Location-sharing social network Foursquare and HootSuite, which lets users monitor Twitter and other social networks more easily, appeared to have recovered. Ideeli, a four-year-old SoHo-based flash-sale shopping site, reported a temporary outage for about 10 minutes around 4 a.m. Thursday. While the company was able to quickly recover by using infrastructure from a different zone, the outage puts a new spin on the retailer’s relationship with Amazon.
Here’s the scoop:
Prior to the explosive use of online services, when online companies went into business they had to build their own racks of servers to store data and run applications.
With the advance in online services companies such as Netlfix do not host their own servers but they rent space on the servers of companies such as Rackspace, Cbeyond, Amazon and dozens of other companies. These companies (such as Amazon.com) manage the online applications and data of their clients (such as Rackspace).
Ideally when a problem happens with the server (or servers) of a cloud computing vendor, there are redundant systems in place to move data and applications to working servers – thus mitigating any damage.
From what I’ve read Amazon.com’s backup systems did not kick in.
So what can you do? What is the take away?
– Continue to use online services and continue to move to host your data “in the cloud”
– Understand that technology will fail. Your iPad, your BlackBerry, your Vostro notebook and your online service provider.
– Have backup plans in place to continue operating if your technology fails.
– Have systems in place to know what to do and when if technology fails. For example, if your phone lines go down, that might not be a serious problem if the problem only lasts for one hour. What happens if things are down for 2 days. For your online services, if things are down for 30 minutes – is that catastrophic or can your business be fine if online services are down for say 4 hours.
– Have backup systems in place with your vendor and with 2nd and 3rd party vendors. If you have an important application running in the cloud you MUST make the investment to have an engineer (or team of engineers) build systems that have failovers and redundancy.
A New York Tech Meetup discussion board participant (Jonathan Vanasco) writes:
These companies were reliant upon nothing but complete stupidity. I know of several high profile sites that run on EC2 (Amazon Web Services) and had multi-zone failover systems in place ? they were largely unaffected.
There was an issue at a single , physical data center. This is akin to when Rackspace had power issues a few years back in one center, or when that digital hub in LA lost primary and backup power. A smart engineer would have designed a system on EC2 to handle multiple zones for failover — just like a smart engineer in a colo facility would have designed a system to failover to a hosting center on a different coast.
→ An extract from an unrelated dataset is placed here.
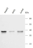 Western blot: HepG2, A431 and Jurkat stained with ARG44151 anti-ACP5 / TRAcP antibody at 0.5 μg/mL dilution.

Amazon had given all the sites that busted today the capabilities and abilities to have failover. While many sites hosted on Amazon went offline today, many stayed online as well — thanks to great engineers and architects who did their job the right way.
The companies are to blame – Amazon does not guarantee 100% uptime, and one would be foolish to expect a service promise like that. You should always build systems expecting failures to happen ? and running something on historically unstable cloud platforms should really suggest that is a top priority ]. A bunch of CTOs and VPs of Engineering at some famous companies were simply stupid and cut corners.
While I largely agree with this, what happens in the (very common) scenario where the CTO and/or VP of Engineering says ‘it should be done this way’, and the CEO, or the head of the company says “let’s not worry about it now” or “we have other priorities”. It could be argued that they are not doing their jobs properly, but sometimes tech folks are constrained because the business folk make the decision to take that risk. I’m not proposing that every, or even a majority of the companies whose sites went down yesterday were a result of the scenario I just outlined, but it’s a possibility.
Oh, and one other thought; for those who may balk at some of the prices for talent mentioned in the “Negotiations with a developer” thread; ideally, if you’re paying those high rates for talent, you’re going to get someone who’s thought through these scenarios, put together plans for such a situation, justified their expense to the business, explained why those plans are necessary, and executed when things go pear-shaped so their sites are up and running while others are blaming Amazon for “trashing” their sites/businesses. You’re less likely to have someone come up with plans like those for 20/hr. [END QUOTE]
Technology will fail. Be prepared and have plans in place to deal with it.